We will print the unique countries and the head of the table to make sure all the changes were done properly.
# Define columns
columns = ['countryname', 'year', 'execme', 'execrlc', 'herfgov', 'totalseats', 'gov1me', 'gov1rlc',
'opp1me', 'opp1rlc', 'polariz']
politics = politics[columns]
politics = politics.rename(columns={'countryname': 'country'}) #keeping country variable consistent for merge
# Define the replacements
replacements = {'USA': 'United States', 'FRG/Germany': 'Germany', 'UK': 'United Kingdom'}
# Replace the values in the 'country' column
politics['country'] = politics['country'].replace(replacements)

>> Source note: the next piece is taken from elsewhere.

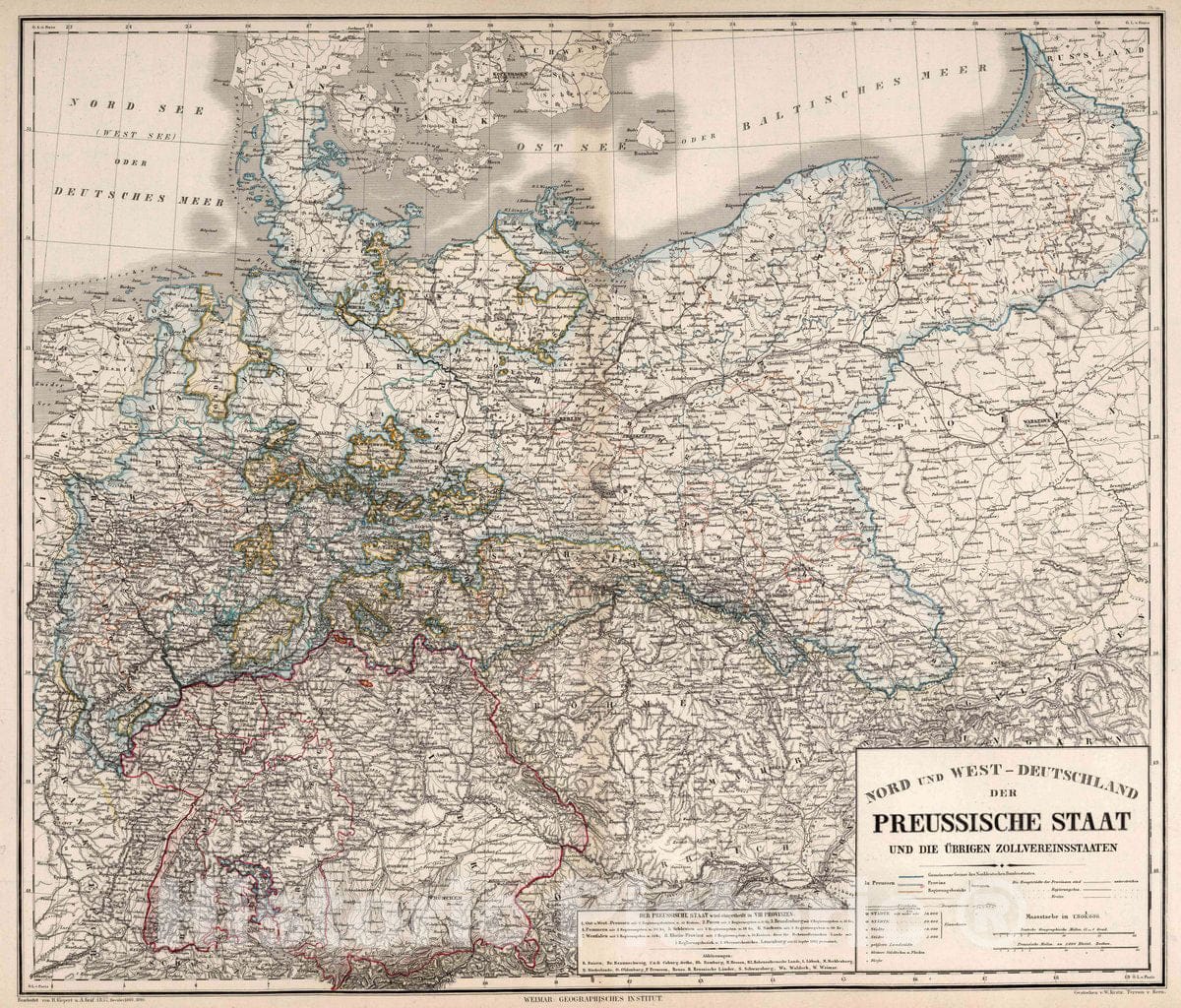 Historic Map : Switzerland, Prussia , Germany Nord- und West-Deutschland, der Preussische Staat und die ?brigen Zollvereinsstaaten , Vintage Wall Art

politics = politics[politics['country'].isin(G7)] #keep only G7 countries
print(politics['country'].unique()) #prints each country
politics.head()
['Canada' 'Germany' 'France' 'United Kingdom' 'Italy' 'Japan' 'United States']

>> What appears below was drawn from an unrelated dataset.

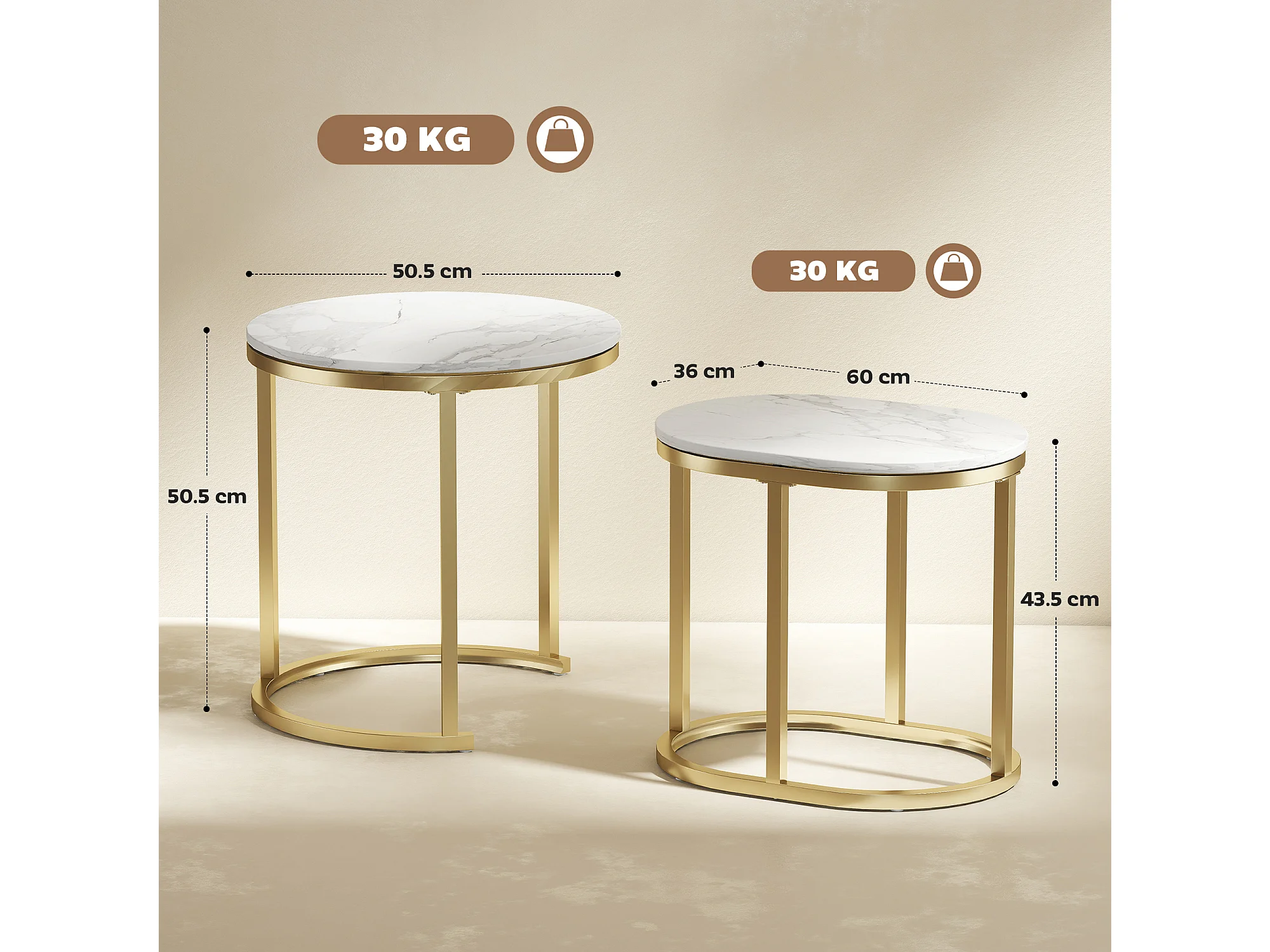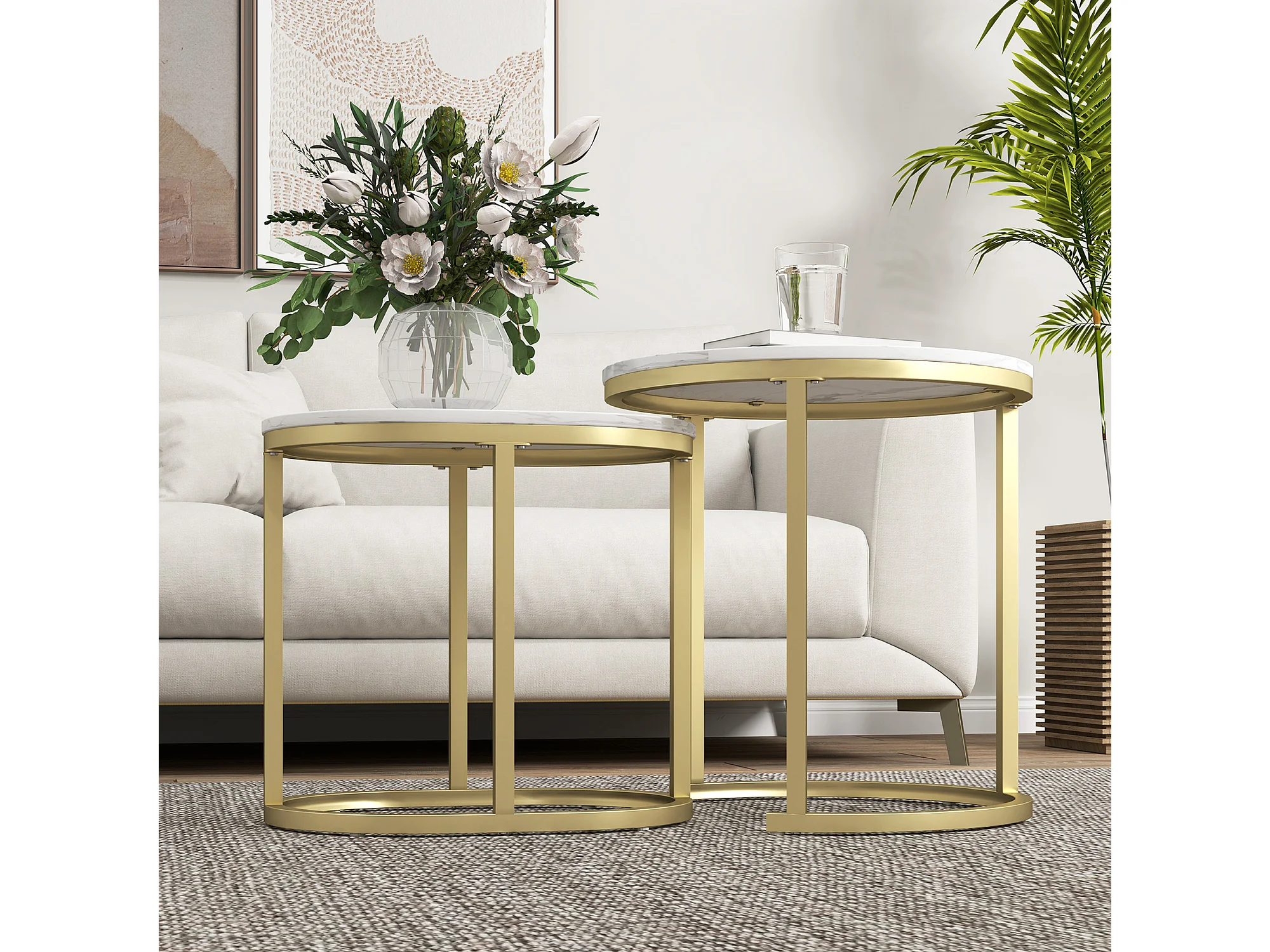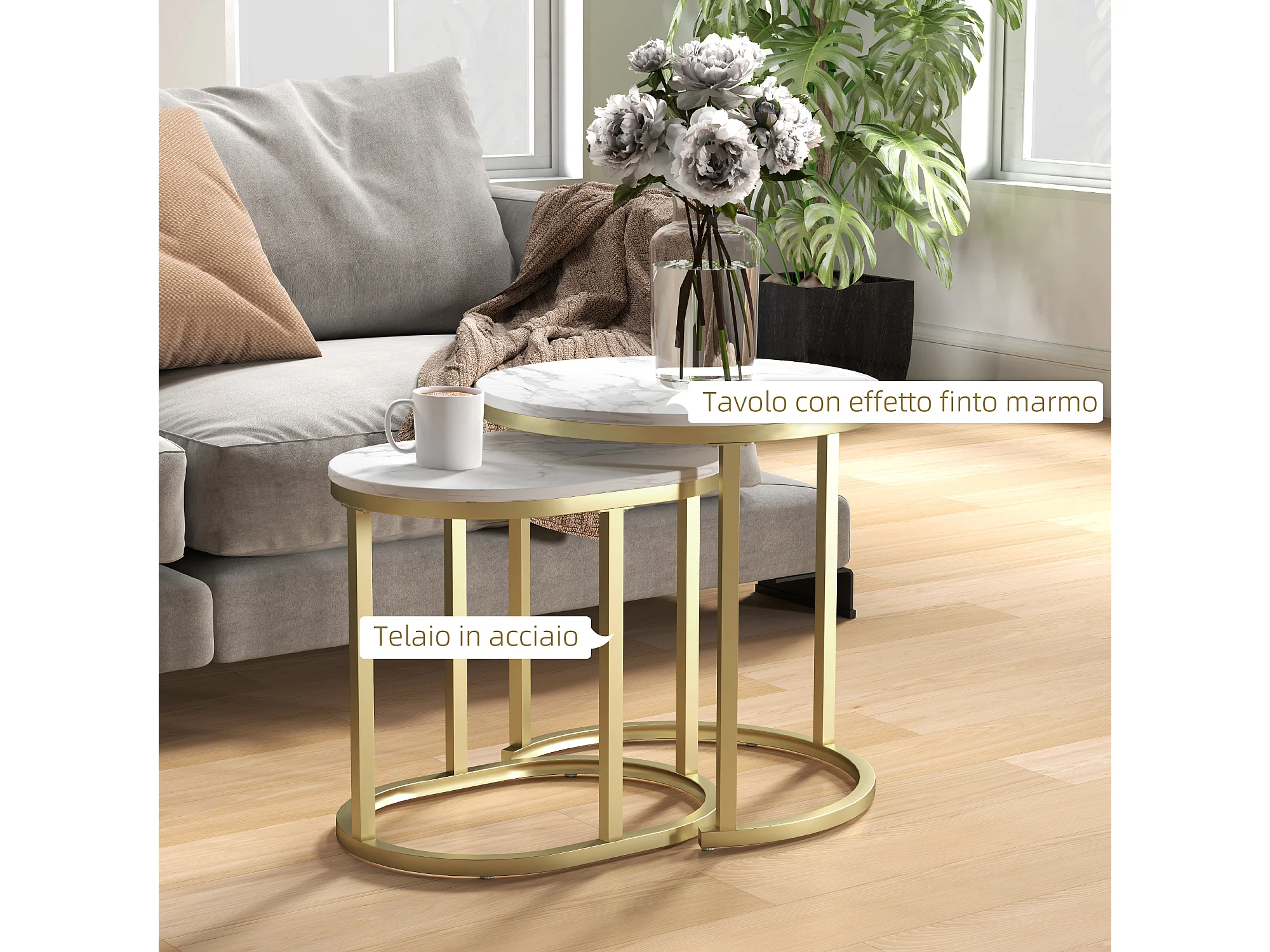 Tavolino salotto sovrapponibili con piano effetto marmo

country | year | execme | execrlc | herfgov | totalseats | gov1me | gov1rlc | opp1me | opp1rlc | polariz | |
---|---|---|---|---|---|---|---|---|---|---|---|
1066 | Canada | 1975 | LPC | Left | 1.0 | 263 | LPC | Left | PCP | Right | 0.0 |
1067 | Canada | 1976 | LPC | Left | 1.0 | 263 | LPC | Left | PCP | Right | 0.0 |
1068 | Canada | 1977 | LPC | Left | 1.0 | 258 | LPC | Left | PCP | Right | 0.0 |
1069 | Canada | 1978 | LPC | Left | 1.0 | 258 | LPC | Left | PCP | Right | 0.0 |
1070 | Canada | 1979 | LPC | Left | 1.0 | 258 | LPC | Left | PCP | Right | 0.0 |
It looks like several columns have repeated categories for the data they represent. For example, we will only be looking at 7 countries so making sure 'country' is a 'category' dtype so it can be more efficient. Next we will check all of the data types, and makes changes as appropriate.

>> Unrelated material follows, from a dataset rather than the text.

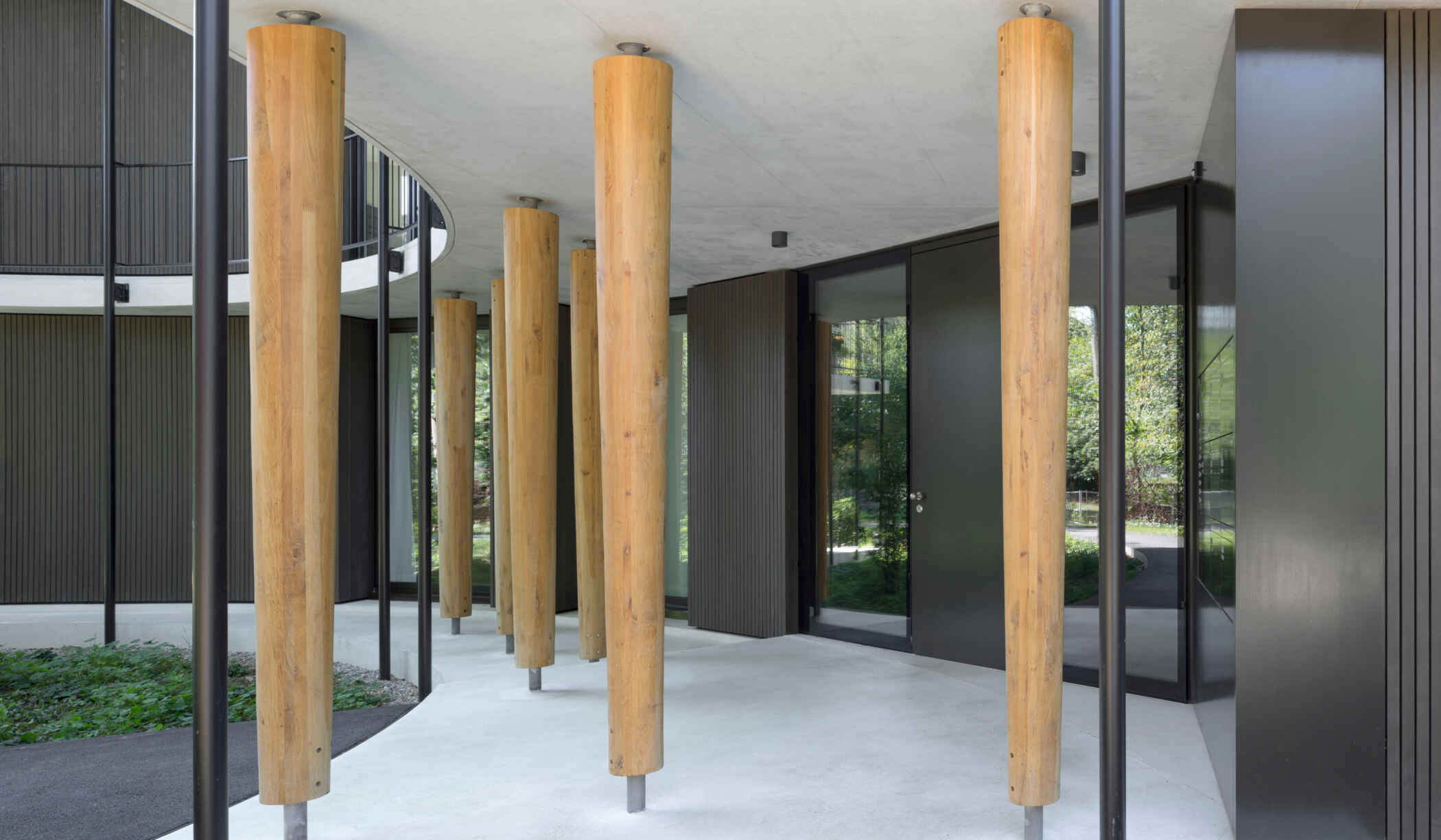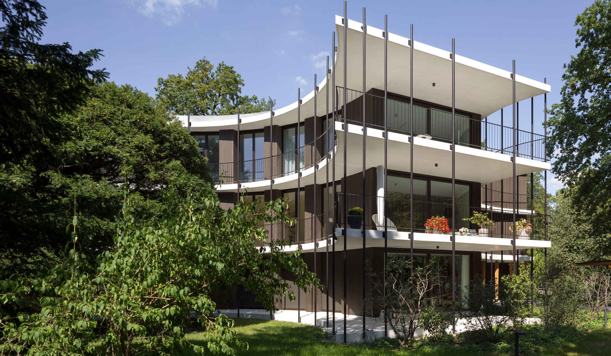 Die spezielle Gebäudeform, ein Polygon mit Einschnitten von Kreissegmenten, ist aus den notwendigen Abständen zu den Wurzelballen und Baumkronen der bestehenden, schützenswerten Bäume des parkartigen Grundstücks abgeleitet. Dadurch entstehen acht Geschosswohnungen mit unmittelbarem Aussenraumbezug, der über die umlaufende Balkonschicht unterschiedlicher Tiefe und die geschosshohen Öffnungen in der dunkel gestrichenen Holzfassade inszeniert wird. Dünne Stahlstützen zeichnen die auskragenden Geschossplatten in Weissbeton nach und wirken als filigraner Filter zwischen Gebäude und Park. In Kontrast zur organischen Gebäudeabwicklung ist die Struktur im Innern orthogonal ausgerichtet. Die Spannung zwischen äusserer Form und innerer Aufteilung verleiht dem Wohnhaus einen räumlichen und atmosphärischen Mehrwert. Ebenso die repräsentative Eingangshalle, deren massiver Langriemenboden sowie die Holztreppe mit kunstvollem Geländer einen adäquaten Charakter erzeugen.

politics.dtypes #check types
country object year int64 execme object execrlc object herfgov float64 totalseats int64 gov1me object gov1rlc object opp1me object opp1rlc object polariz float64 dtype: object
Looks like most of the dtypes are appropriate however we should change some of them to a 'category' rather than 'object' for efficiency. The ones that need to be changed are below:
#change type to categorical
politics['country'] = politics['country'].astype('category')
politics['execrlc'] = politics['execrlc'].astype('category')
politics['gov1rlc'] = politics['gov1rlc'].astype('category')
politics['opp1rlc'] = politics['opp1rlc'].astype('category')
Exploratory Data Analysis
Now that everything is loaded and transformed, let's explore trends within and create graphics to learn more about the WB dataset.
A) First, let's create a countplot that shows the frequency of political lean for each of the countries to understand, historically, which way each country leans. We will use the 'exerlc' variable which the political lean of the executive (president/prime minister)
plt.figure(figsize=(12, 8)) #adjust size
sns.countplot(x='execrlc', hue='country', data=politics) #use a countplot because x is categorical
plt.title('Political Leanings Frequency') #add title
plt.xlabel('Political Leanings') #provide x axis label
Text(0.5, 0, 'Political Leanings')
As we can see, there is a couple stray 0 entries for Japan and a couple -999 entries for France. This is because they are inbetween categories on the spectrum: right-center or left-center. Let's filter the data for Japan only and France only to research the political lean of the parties that are causing the 0 and -999. We will manually check through the data frames.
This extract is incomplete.